Evaluate the sines, and make phasediagrams of the fits and the data

>>> mysine1 = evaluate.sine(times,pars1)
>>> mysine2 = evaluate.sine(times,pars2)
>>> phases,phased = evaluate.phasediagram(times,signal,pars1['freq'])
>>> phases1,phased1 = evaluate.phasediagram(times,mysine1,pars1['freq'])
>>> phases2,phased2 = evaluate.phasediagram(times,mysine2,pars1['freq'])

Now plot everything:

>>> sa1 = np.argsort(phases1)
>>> sa2 = np.argsort(phases2)
>>> p = pl.figure()
>>> p = pl.subplot(121)
>>> p = pl.plot(freqs,ampls,'k-')
>>> p = pl.xlabel('Frequency [d$^{-1}$]')
>>> p = pl.ylabel('Amplitude [mag]')
>>> p = pl.subplot(122)
>>> p = pl.plot(phases,phased,'ko')
>>> p = pl.plot(phases1[sa1],phased1[sa1],'r-',lw=2)
>>> p = pl.plot(phases2[sa2],phased2[sa2],'b--',lw=2)
>>> p = pl.xlabel('Phase [$2\pi^{-1}$]')
>>> p = pl.ylabel('Amplitude [mag]')

]include figure]]ivs_sigproc_fit_02.png]

Section 4. Exoplanet transit analysis

Find the transits of CoRoT 8b, after Borde 2010.

>>> import urllib
>>> from ivs.inout import ascii
>>> url = urllib.URLopener()
>>> filen,msg = url.retrieve('http://cdsarc.u-strasbg.fr/viz-bin/nph-Plot/Vgraph/txt?J%2fA%2bA%2f520%2fA66%2f.%2flc_white&F=white&P=0&--bitmap-size&800x400')
>>> times,signal = ascii.read2array(filen).T
>>> signal = signal / np.median(signal)
>>> url.close()

Find the best frequency using the Box Least Squares periodogram, fit a transit model with that frequency, optimize and prewhiten.

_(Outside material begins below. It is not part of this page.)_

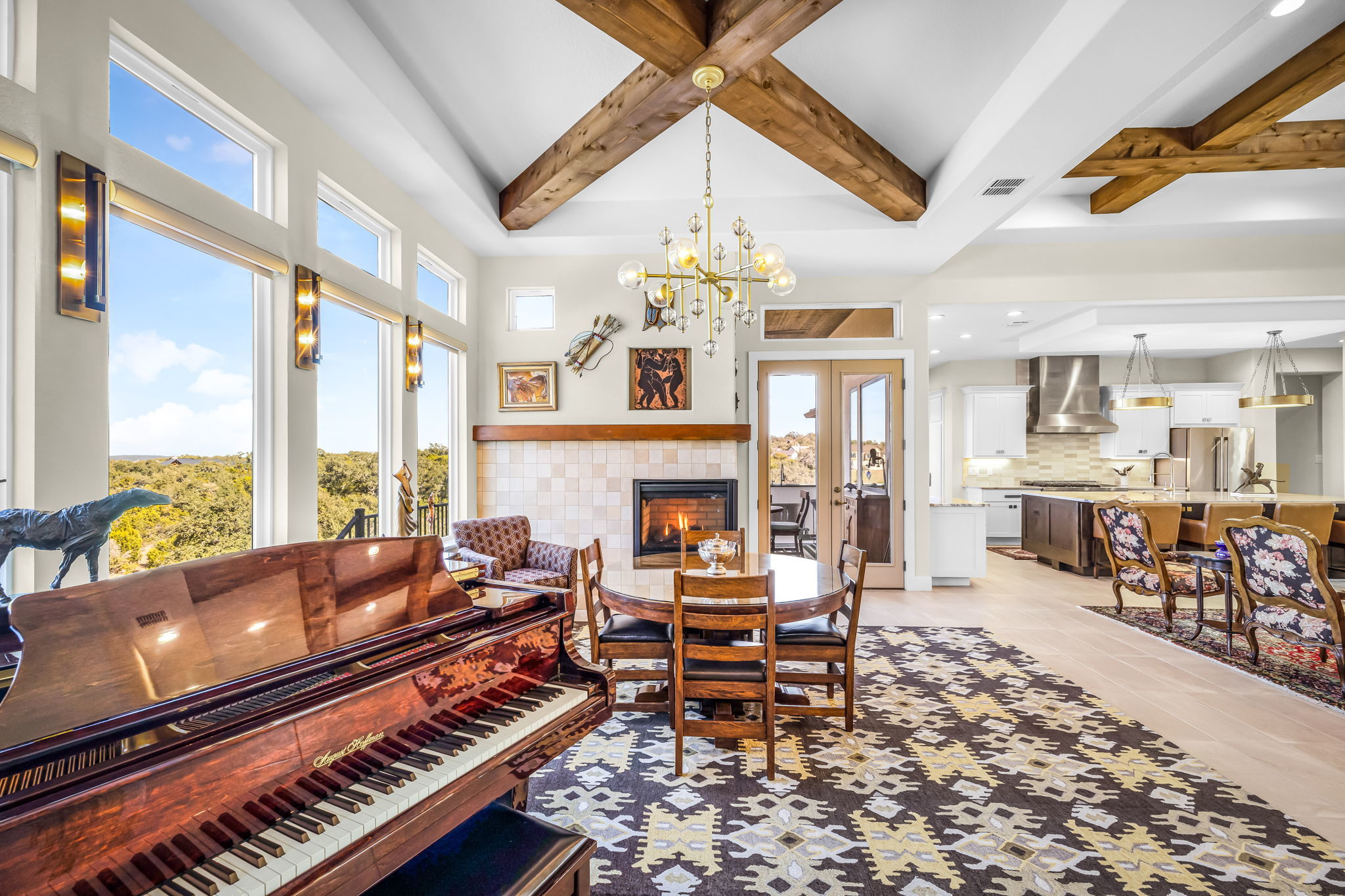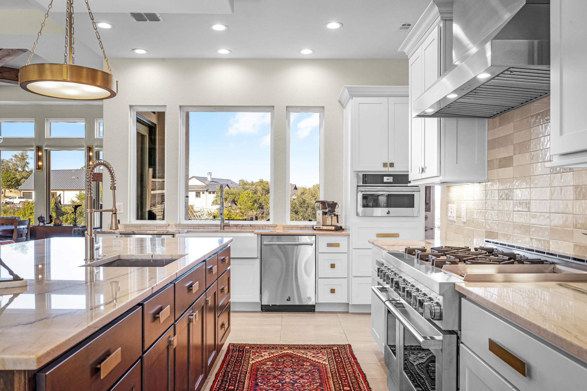 Nestled on a serene cul-de-sac in prestigious Vintage Oaks, 368 Butternut Way is an exceptional KC Custom home set on a private 2.22-acre greenbelt lot with sweeping Hill Country views. This 4-bedroom, 3-bath, 3,576 sq ft residence blends Frank Lloyd Wright–inspired design with modern efficiency and craftsmanship. A beautifully xeriscaped front yard and inviting courtyard with a Zsolnay fountain create a striking welcome. Inside, soaring ceilings with cedar beams, French art deco lighting, and abundant natural light define the space. Tile flooring flows through the main living areas, while rich hardwood enhances the bedrooms, including one with built-in shelving ideal for a study or office. The open-concept living area features a gas fireplace and a dramatic wall of windows overlooking the lush greenbelt. The chef’s kitchen showcases Benedettini custom cabinetry, quartzite countertops, JennAir appliances, a 6-burner gas range, double ovens, dual dishwashers, oversized island, secondary farm sink, and a fully shelved walk-in pantry with an additional refrigerator. Energy efficiency is elevated with a 10.75 kW solar system and Tesla Powerwall 3, providing reliable, low-cost energy year-round. The primary suite offers tranquil views and a custom closet that doubles as a secure safe room. Outdoor living is unmatched with a pavilion room featuring cedar beams and a gas fire table, resort-style pool, 1,200+ sq ft patio, and a fully equipped outdoor kitchen, all surrounded by mature oaks and native landscaping. Enjoy Vintage Oaks’ resort amenities, with an adjacent 1.19-acre lot also available.

>>> freqs,ampls = pergrams.box(times,signal,f0=0.16,fn=0.162,df=0.005/times.ptp(),qma=0.05)
>>> freq = freqs[np.argmax(ampls)]
>>> pars = box(times,signal,freq)
>>> pars = box(times,signal,freq,b0=pars['ingress'][0]-0.05,bn=pars['egress'][0]+0.05)
>>> print pl.mlab.rec2txt(pars,precision=6)
       freq      depth    ingress     egress       cont
   0.161018   0.005978   0.782028   0.799229   1.000027

Evaluate the transits, and make phasediagrams of the fits and the data

>>> transit = evaluate.box(times,pars)
>>> phases,phased = evaluate.phasediagram(times,signal,freq)
>>> phases1,phased1 = evaluate.phasediagram(times,transit,freq)

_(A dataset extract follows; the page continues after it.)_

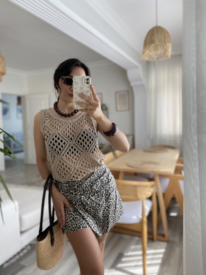 Kadın Askılı Yuvarlak Yaka Geometrik Desenli Triko Bluz

Now plot everything and print the results to the screen:

>>> sa1 = np.argsort(phases1)
>>> p = pl.figure()
>>> p = pl.subplot(121)
>>> p = pl.plot(freqs,ampls,'k-')
>>> p = pl.xlabel('Frequency [d$^{-1}$]')
>>> p = pl.ylabel('Statistic')
>>> p = pl.subplot(122)
>>> p = pl.plot(phases,phased*100,'ko')
>>> p = pl.plot(phases1[sa1],phased1[sa1]*100,'r-',lw=2)
>>> p = pl.xlim(0.70,0.85)
>>> p = pl.xlabel('Phase [$2\pi^{-1}$]')
>>> p = pl.ylabel('Depth [%]')

]include figure]]ivs_sigproc_fit_03.png]

Section 5. Eclipsing binary fit

Splines are not a good way to fit eclipsing binaries, but just for the sake of showing the use of the periodic spline fitting functions, we do it anyway.

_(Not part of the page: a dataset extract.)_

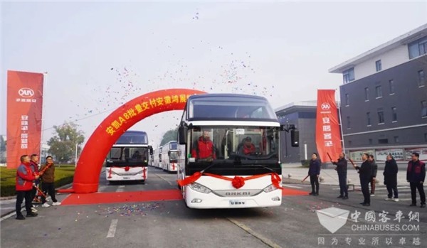 安徽鸿展旅游汽车服务公司(以下简称“安徽鸿展”),正是勇于迎接挑战、善于发掘机会的探路者。12月28日,批量高端A8客车正式交付安徽鸿展,助力其提升客运服务水平、不断开拓经营模式,向着高质量客运企业加速迈进。

We use the data on CU Cnc of Ribas, 2003:

>>> data,units,comms = vizier.search('J/A+A/398/239/table1')
>>> times,signal = data['HJD'],data['Dmag']

Section 6. Blackbody fit

We generate a single black body curve with Teff=10000. and scale=1.:

>>> from ivs.sed import model as sed_model
>>> wave_dense = np.logspace(2.6,6,1000)
>>> flux_dense = sed_model.blackbody((wave_dense,'AA'),10000.)

We simulate 20 datapoints of this model and perturb it a bit:

>>> wave = np.logspace(3,6,20)
>>> flux = sed_model.blackbody((wave,'AA'),10000.)
>>> error = flux/2.
>>> flux += np.random.normal(size=len(wave),scale=error)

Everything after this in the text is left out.